> **The problem**
Pick each line that has "with" out of the records.

Start of Provided information

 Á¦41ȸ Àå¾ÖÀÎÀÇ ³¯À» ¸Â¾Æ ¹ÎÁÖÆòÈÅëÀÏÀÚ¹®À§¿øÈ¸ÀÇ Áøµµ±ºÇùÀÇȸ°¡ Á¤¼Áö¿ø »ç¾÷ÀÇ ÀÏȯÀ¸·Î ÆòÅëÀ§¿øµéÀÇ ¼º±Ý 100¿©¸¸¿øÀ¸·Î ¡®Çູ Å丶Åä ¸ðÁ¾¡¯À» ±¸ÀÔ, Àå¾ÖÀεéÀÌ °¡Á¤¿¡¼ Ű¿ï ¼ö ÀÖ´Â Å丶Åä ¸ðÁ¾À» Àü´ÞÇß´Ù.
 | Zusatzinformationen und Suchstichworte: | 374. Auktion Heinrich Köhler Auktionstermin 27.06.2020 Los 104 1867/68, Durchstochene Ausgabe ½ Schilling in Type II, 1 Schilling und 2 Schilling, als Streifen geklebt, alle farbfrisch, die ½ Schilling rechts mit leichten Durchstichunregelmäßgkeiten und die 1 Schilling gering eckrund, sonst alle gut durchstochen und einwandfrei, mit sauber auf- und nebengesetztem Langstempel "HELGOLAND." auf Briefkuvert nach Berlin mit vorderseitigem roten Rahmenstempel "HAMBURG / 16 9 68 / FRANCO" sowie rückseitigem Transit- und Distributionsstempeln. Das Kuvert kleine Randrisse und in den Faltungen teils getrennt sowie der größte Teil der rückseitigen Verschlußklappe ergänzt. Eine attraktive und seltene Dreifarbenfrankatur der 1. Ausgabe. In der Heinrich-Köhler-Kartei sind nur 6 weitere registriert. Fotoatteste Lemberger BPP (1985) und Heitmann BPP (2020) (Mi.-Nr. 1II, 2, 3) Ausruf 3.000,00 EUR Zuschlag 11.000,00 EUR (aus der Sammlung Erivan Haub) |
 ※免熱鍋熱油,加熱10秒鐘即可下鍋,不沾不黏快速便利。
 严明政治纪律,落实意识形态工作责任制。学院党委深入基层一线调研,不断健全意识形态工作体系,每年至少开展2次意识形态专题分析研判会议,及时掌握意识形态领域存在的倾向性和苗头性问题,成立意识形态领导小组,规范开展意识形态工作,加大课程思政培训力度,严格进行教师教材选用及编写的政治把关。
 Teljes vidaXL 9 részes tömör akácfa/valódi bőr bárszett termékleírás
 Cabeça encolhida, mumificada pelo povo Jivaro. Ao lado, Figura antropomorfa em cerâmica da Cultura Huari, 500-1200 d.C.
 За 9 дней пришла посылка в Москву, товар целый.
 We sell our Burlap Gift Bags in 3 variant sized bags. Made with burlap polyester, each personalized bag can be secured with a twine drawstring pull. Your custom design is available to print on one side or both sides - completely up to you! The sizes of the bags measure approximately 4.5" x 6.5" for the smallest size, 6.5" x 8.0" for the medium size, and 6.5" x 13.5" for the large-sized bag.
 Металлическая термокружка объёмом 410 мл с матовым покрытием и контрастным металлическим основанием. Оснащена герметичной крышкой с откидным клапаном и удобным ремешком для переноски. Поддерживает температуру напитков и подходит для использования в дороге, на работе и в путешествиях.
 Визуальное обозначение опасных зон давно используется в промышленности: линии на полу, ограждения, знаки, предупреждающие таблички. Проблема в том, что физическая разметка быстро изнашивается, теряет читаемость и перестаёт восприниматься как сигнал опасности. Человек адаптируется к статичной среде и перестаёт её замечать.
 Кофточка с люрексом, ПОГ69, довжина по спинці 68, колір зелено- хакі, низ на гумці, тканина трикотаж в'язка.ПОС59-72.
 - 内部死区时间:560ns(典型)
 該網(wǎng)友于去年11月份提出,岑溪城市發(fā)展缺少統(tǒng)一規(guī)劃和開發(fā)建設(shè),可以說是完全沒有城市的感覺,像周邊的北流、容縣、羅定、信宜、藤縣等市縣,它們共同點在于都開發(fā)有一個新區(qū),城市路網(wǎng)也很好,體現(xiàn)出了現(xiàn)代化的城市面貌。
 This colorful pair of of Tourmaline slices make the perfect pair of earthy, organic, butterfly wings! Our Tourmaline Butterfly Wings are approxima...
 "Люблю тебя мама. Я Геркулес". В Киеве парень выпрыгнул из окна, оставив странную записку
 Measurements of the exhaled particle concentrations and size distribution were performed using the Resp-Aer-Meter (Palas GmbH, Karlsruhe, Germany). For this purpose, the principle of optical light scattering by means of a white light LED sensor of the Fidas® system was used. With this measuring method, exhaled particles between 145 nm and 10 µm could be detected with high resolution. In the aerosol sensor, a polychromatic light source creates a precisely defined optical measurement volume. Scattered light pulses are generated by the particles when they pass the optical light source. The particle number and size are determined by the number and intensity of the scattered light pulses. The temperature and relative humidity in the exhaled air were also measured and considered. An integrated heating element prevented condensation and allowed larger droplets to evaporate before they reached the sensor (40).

End of Provided information

> **Completed task**
 We sell our Burlap Gift Bags in 3 variant sized bags. Made with burlap polyester, each personalized bag can be secured with a twine drawstring pull. Your custom design is available to print on one side or both sides - completely up to you! The sizes of the bags measure approximately 4.5" x 6.5" for the smallest size, 6.5" x 8.0" for the medium size, and 6.5" x 13.5" for the large-sized bag.
 Measurements of the exhaled particle concentrations and size distribution were performed using the Resp-Aer-Meter (Palas GmbH, Karlsruhe, Germany). For this purpose, the principle of optical light scattering by means of a white light LED sensor of the Fidas® system was used. With this measuring method, exhaled particles between 145 nm and 10 µm could be detected with high resolution. In the aerosol sensor, a polychromatic light source creates a precisely defined optical measurement volume. Scattered light pulses are generated by the particles when they pass the optical light source. The particle number and size are determined by the number and intensity of the scattered light pulses. The temperature and relative humidity in the exhaled air were also measured and considered. An integrated heating element prevented condensation and allowed larger droplets to evaporate before they reached the sensor (40).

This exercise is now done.